Saturday, April 3, 2010

Sony, Security, and Consumer's Rights

Many of you saw my recent tweets complaining about the Sony PlayStation 3 firmware update version 3.21 that cripples the second operating system "OtherOS" feature of the PS3. Since then, I've received several questions as to why I thought Sony would remove such a feature, and why I cared so much.

The answers to both questions require more than 140 characters. Here, I will try to explain.

The PlayStation 3 as a Computing Platform

Briefly, the PS3 is an amazing computing platform. It boasts a 7-core 3.2GHz IBM PowerPC cell processor architecture unlike pretty much anything available at even twice the price.
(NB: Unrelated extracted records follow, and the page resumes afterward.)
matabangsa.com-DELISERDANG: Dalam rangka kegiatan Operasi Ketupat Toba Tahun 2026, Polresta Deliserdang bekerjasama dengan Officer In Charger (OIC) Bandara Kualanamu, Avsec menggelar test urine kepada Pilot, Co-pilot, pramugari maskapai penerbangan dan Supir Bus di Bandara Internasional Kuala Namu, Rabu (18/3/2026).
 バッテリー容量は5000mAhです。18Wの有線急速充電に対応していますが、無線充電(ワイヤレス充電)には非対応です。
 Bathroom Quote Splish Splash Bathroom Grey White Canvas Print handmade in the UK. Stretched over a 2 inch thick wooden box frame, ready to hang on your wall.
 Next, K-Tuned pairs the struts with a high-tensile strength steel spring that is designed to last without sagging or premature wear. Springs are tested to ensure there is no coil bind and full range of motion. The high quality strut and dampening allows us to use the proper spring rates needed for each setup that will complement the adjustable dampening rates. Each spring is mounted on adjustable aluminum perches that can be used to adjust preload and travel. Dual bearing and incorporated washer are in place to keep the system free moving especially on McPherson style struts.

It works with USB and Bluetooth Wireless input devices (mouse, keyboard, gamepads, &etc), has HDMI, Composite, and Component video outputs, digital audio output, an internal SATA hard drive, 802.11b/g wireless, and a Blu-ray DVD-ROM drive.

Sony has, from the start, marketed the fact that this amazing "game console" also supports the ability to run Linux for those power-users who wanted to also use it as a computing platform. This included feature is known as "OtherOS" support.
[Reference: ]

FWIW, this feature was a deciding factor in my choice of the Sony PlayStation 3 as a game / media / computing platform when I purchased it.

The DRM Arms Race

Without writing yet another long blog about DRM, let me just state a couple of canons about Intellectual Property that I believe to be true:

I: Companies that own intellectual property rights have the right to protect themselves from illegitimate copying, use, or distribution of said intellectual property.
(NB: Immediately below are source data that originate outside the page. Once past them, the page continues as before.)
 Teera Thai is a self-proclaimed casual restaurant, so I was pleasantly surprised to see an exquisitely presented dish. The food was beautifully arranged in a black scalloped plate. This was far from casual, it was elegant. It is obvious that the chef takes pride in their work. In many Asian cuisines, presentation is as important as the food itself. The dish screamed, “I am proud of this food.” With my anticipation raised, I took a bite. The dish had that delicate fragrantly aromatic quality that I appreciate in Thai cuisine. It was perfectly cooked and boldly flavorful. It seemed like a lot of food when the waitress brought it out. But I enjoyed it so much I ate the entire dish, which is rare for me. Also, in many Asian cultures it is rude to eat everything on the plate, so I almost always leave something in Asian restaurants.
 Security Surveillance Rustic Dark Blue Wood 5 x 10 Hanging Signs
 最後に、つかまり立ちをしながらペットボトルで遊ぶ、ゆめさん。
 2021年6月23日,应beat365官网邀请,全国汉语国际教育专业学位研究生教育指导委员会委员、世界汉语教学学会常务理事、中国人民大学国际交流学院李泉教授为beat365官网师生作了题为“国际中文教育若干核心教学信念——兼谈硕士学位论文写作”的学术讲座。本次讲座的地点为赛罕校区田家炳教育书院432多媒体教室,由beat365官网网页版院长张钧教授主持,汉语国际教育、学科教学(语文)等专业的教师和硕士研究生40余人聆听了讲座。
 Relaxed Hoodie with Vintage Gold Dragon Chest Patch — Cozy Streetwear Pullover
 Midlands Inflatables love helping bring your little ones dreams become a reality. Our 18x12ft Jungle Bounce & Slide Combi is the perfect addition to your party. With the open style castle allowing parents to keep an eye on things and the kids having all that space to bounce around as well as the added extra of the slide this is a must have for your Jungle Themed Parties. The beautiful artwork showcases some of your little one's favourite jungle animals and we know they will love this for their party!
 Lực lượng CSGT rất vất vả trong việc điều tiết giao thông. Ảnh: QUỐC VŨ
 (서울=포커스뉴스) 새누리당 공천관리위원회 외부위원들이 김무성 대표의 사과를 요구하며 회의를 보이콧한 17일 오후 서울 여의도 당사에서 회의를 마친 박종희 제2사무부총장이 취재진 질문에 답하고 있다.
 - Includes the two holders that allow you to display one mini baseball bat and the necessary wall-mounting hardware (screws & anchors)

I want to state this up front, because I believe it's important. Far from the "Information Wants To Be Free!" rally cry of the pirates, I understand and acknowledge that media and entertainment production is a business. And those businesses have the right to not have their products stolen from them.

II. All technological measures to prevent unauthorized reproduction or distribution of media will ultimately fail.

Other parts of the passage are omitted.